In block 320, the aggregated additional usage data is used to determine an updated occupancy schedule at the location and/or an updated heating schedule, an updated cooling schedule, or an updated heating and cooling schedule for the location, as described in detail below. Various methods may be used to determine the updated occupancy schedule using the aggregated additional usage data from block 310, including but not limited to the archetype-based methods, neighbor-dependent methods, path dependent methods, and path independent methods that are described in detail below. The determined updated occupancy schedule may include various occupancy states that capture the modes in which the building may be occupied as well as times of day when the various occupancy states start and/or end.
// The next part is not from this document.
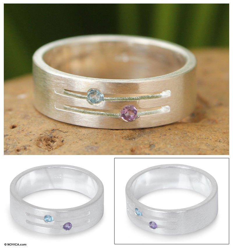 This delightful ring by Thailand's Jantana is thoroughly contemporary. Exalting the textures of brushed silver, it hosts an amethyst and a sparkling blue topaz.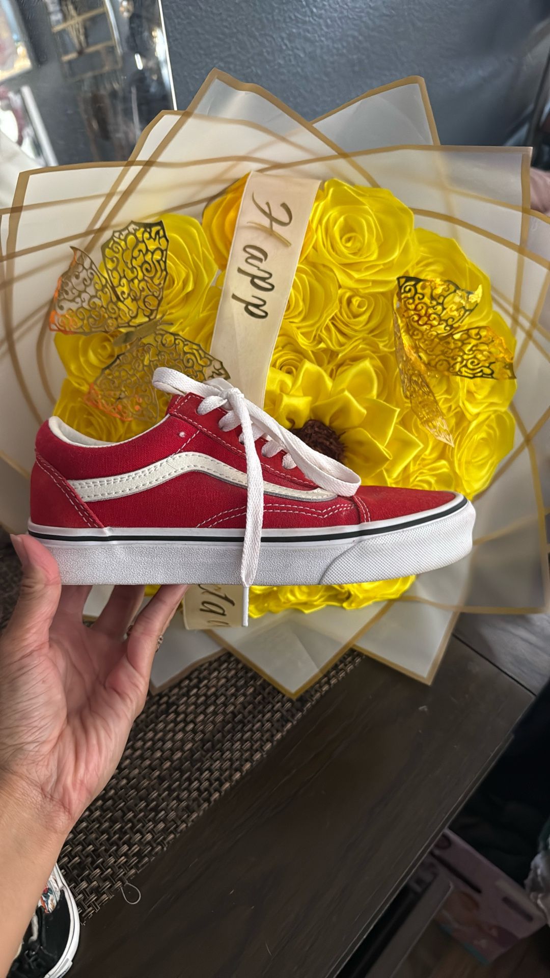 Red n white vans size 4y

The updated occupancy schedule and/or an updated heating schedule, an updated cooling schedule, or an updated heating and cooling schedule for the location may be transmitted to the thermostat directly or may be transmitted to a client device such as a smartphone or mobile device that may display the updated schedule and/or provide for updating a thermostat with the updated schedule. Alternatively, the updated schedule may be provided through a webpage that may display the updated schedule and/or provide for updating a thermostat with the updated schedule.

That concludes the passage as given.